# 90 Minute IPA style hop additions.



## Dave70 (28/1/15)

In direct relation to _that _beer, I've read accounts of brewers going so far as adding a few pellets at a time, to mixing all the hops together and splitting them up into 10 additions. Both methods seem to get good results.
What I'm getting at is, is there any plus to splitting up your hop bill into multiple additions rather than the standard 3 or 4?
For the sake of the exercise, would a simple, moderately hopped APA benefit from having its hop bill divided up to 10 additions also?


----------



## skb (28/1/15)

Being a big fan of dogfish head and the depth and smoothness of the 70 and 90, I think there must be something in the continuous hoping. He first did it on a 10 gal system so can be done... Question is, can you really be bothered to to like "10 additions", maybe make it a hobby project.

I was at the brewery last week some interesting photos .. 1st is his first continuous hoping machine ( after the electric football board)

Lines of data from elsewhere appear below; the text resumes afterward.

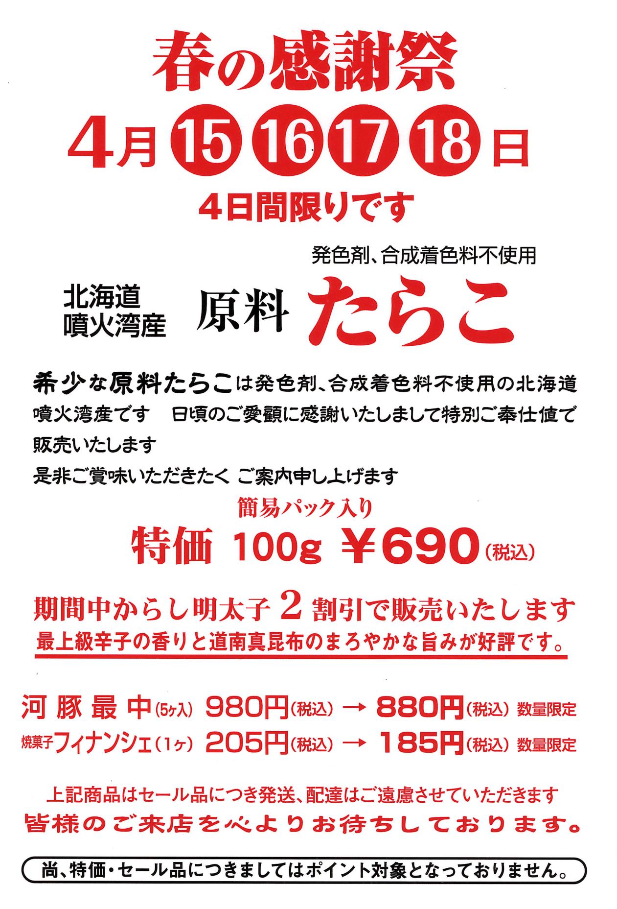 日頃の感謝を込めて4月15日~18日の4日間限定で<春の感謝祭>を開催します。発色剤・合成着色料を使用していない希少な原料のたらこで製造した、まろやかな旨みが好評のからし明太子。期間中は原料のたらことからし明太子をそれぞれ販売いたします。河豚最中やフィナンシェなども店頭限定の特別価格で販売しております。ぜひこの機会に梅園自慢の味をご賞味ください。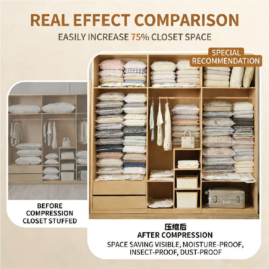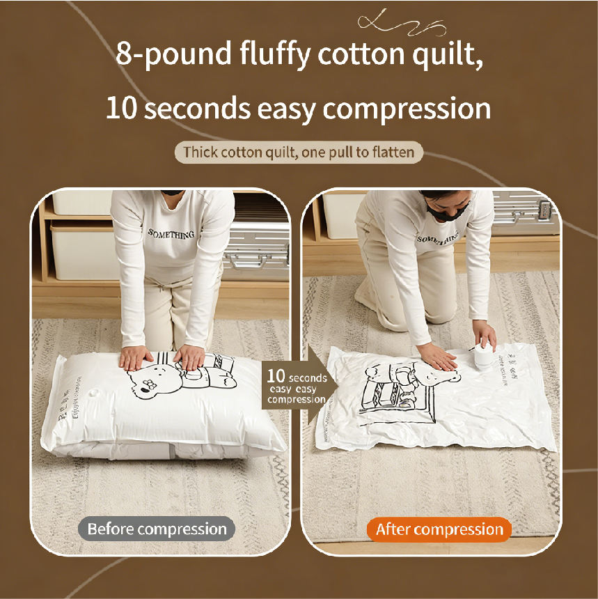 Diseño de almacenamiento al vacío: El diseño de almacenamiento al vacío permite una compresión eficiente, ahorrando espacio y protegiendo la ropa del polvo y la humedad.
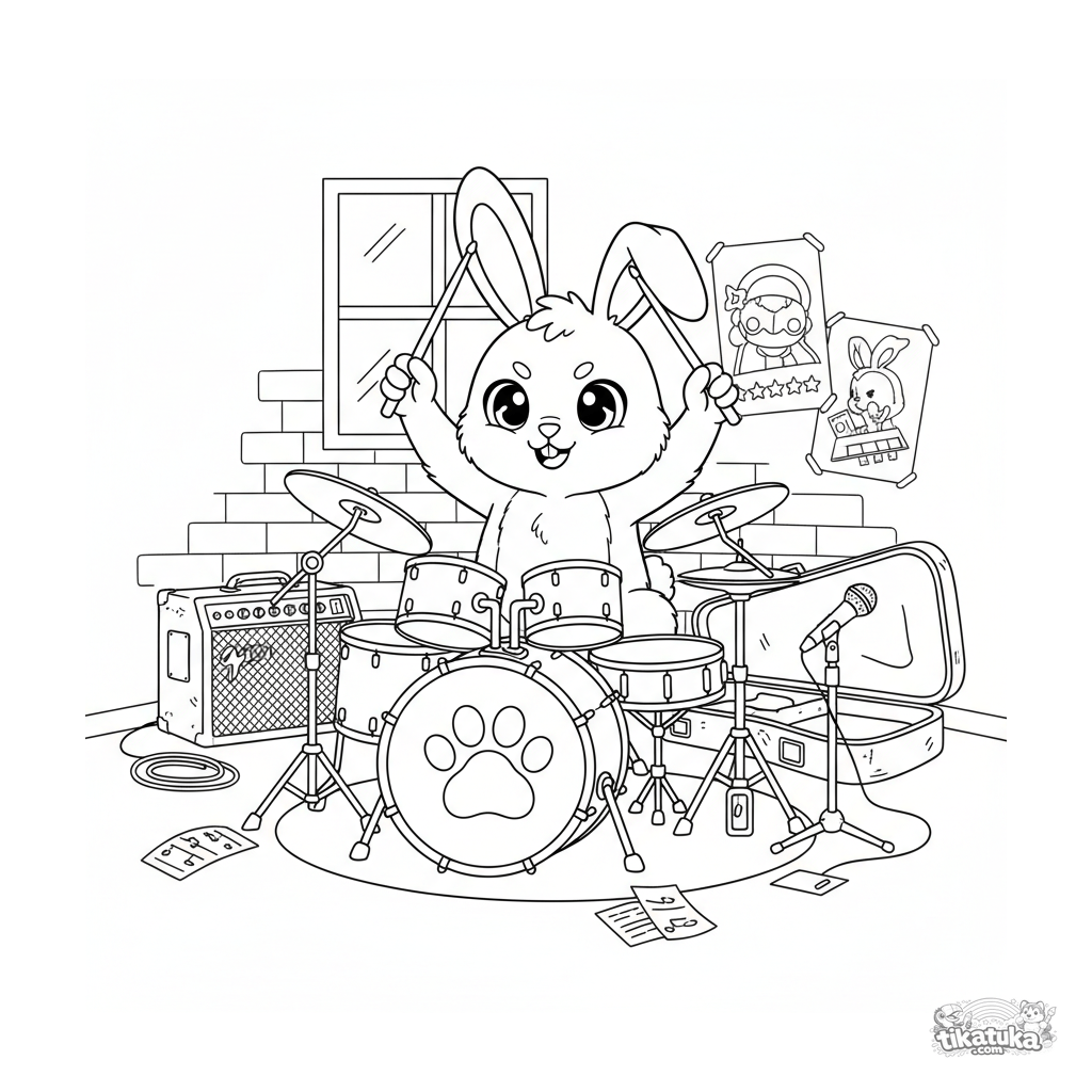 Kids coloring page: a bunny drummer practicing in a garage. Fun scene with a drum kit and musical gear. Ready to print and color.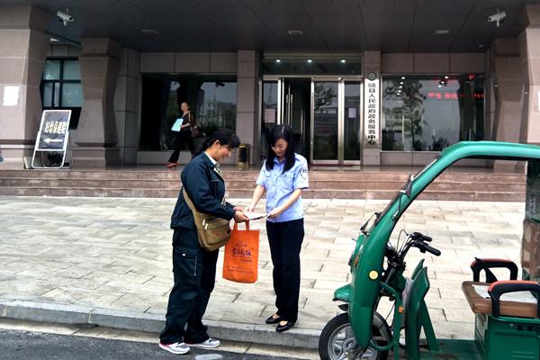图为随县“清廉邮路”服务队员朱艳翠正将国家《监察法》释义送到县政务服务中心公安局窗口工作人员手中

The original system from the brewpub 




Two shots of brewery 







And to end the day ( or two) the original brewpub


----------



## skb (28/1/15)

Before I am correct yes I meant 60 not 70


----------



## manticle (28/1/15)

I've done it post 20 mins (every 5 till flameout) and yes I reckon there's something in it.


----------



## Blind Dog (29/1/15)

Even though I no chill, so might not get the full effect, I have found that adding hops at 5 min intervals for the last 20 min and then for 20 min after flameout with a final dose in the cube either added a certain complexity or I just convinced myself it did because of the effort it took.


----------



## manticle (29/1/15)

Complex chemistry in them hops.


----------



## Dave70 (29/1/15)

skb said:


> ... Question is, can you really be bothered to to like "10 additions",


Yes. I'm basically just standing there drinking, blaring music, nodding my head and staring at the boil anyway. 






manticle said:


> I reckon there's something in it.





Blind Dog said:


> added a certain complexity


Good enough for me.


----------



## skb (29/1/15)

My problem is when I make beer with friends we drink 3gal and make 5... So remembering 10 additions is. Struggle


----------



## stux (29/1/15)

Just grab a handfull every 5 minutes and chuck em in?


----------



## paulyman (29/1/15)

I'm drinking the commercial example as I write this, my first. It is bloody smooth and fantastic! There is a lot going on malt wise as well which is nice, haven't really had that in an ipa before.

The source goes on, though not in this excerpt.